Shopping Tips for Wines

Wine. It intoxicates, it exhilarates. It feels good down the throat and even better when combined with the right kinds of food. It's hard to go wrong with wine appreciating. The only measure for the level of taste is your tongue. One man's Bordeaux is another man's Champagne. There is no right or wrong, so don't let anyone tell you otherwise.

Yes, wine does get batter with age. But sometimes, it too can go rank (spitting is advised at this point). So your consideration when picking up a bottle is the taste. Fruity and light means a young white. Rick, oak flavors means a slightly aged deep red. It doesn't mean that if you pay more, the wine will necessarily be better.

Shopping for wine can be quite a challenge, as there is often an immense range to choose from. Sometimes a little planning will be in your favor.
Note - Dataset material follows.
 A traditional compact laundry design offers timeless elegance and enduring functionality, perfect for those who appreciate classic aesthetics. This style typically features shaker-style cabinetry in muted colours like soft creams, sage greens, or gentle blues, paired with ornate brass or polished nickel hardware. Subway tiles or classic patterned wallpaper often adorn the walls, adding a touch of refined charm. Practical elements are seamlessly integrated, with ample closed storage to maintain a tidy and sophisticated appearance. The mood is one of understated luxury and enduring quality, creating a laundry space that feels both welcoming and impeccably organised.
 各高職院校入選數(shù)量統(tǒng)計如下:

Just knowing the type or style of a wine you want will make your buying decision that much easier.

Building up some knowledge of the various wine merchants, in your area and on the internet, can be very advantageous. Each merchant tends to have a particular strong point. One may be extremely good on Bordeaux for example, or specialize in Italian wines, and they will be happy to pass on their experience to you - the customer. Remember too, that some knowledge of which producers are making particularly good wine, or which regions offer good value, put you in a much more secure position.


There was a time when you could almost tell at an instant where a wine came from, just by looking at the shape of the bottle. This still holds true for some of the more traditional regions, such as Alsace or Bordeaux, but a glance or two around the shelves of your local supplier will also reveal the influence of design teams keen to catch the eye with bottle shapes that stand out from the crowd.

The Label

A wine label provides an excellent opportunity to send a message and pass on information to a potential customer.
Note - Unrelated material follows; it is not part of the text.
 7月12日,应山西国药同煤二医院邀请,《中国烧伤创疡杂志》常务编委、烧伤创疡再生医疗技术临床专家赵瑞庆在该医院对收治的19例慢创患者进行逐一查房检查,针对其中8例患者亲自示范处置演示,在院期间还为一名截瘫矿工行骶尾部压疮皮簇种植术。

In Europe, a place name may suffice. Chablis, Sancerre and Châteauneuf-du-Pape are all examples of French wines that can easily sell due to the fact that the name is recognized. In the 'New World' however, varietal labeling is the norm, as an increasing amount of wine is sold on the back of the name of the grape variety. The world's most popular grape, Chardonnay, could be perceived as a wine style, such is the influence carried by its name alone. The fact that most white Burgundy is made from Chardonnay is left for those of us who care to find out.

Depending on the wine, and in some cases the region, the name of the producer can be extremely important. You may wish to take note of the vintage. This is particularly important where grapes are grown in marginal climates. Each label will also indicate the percentage of alcohol by volume, which can range from 7-15 percent.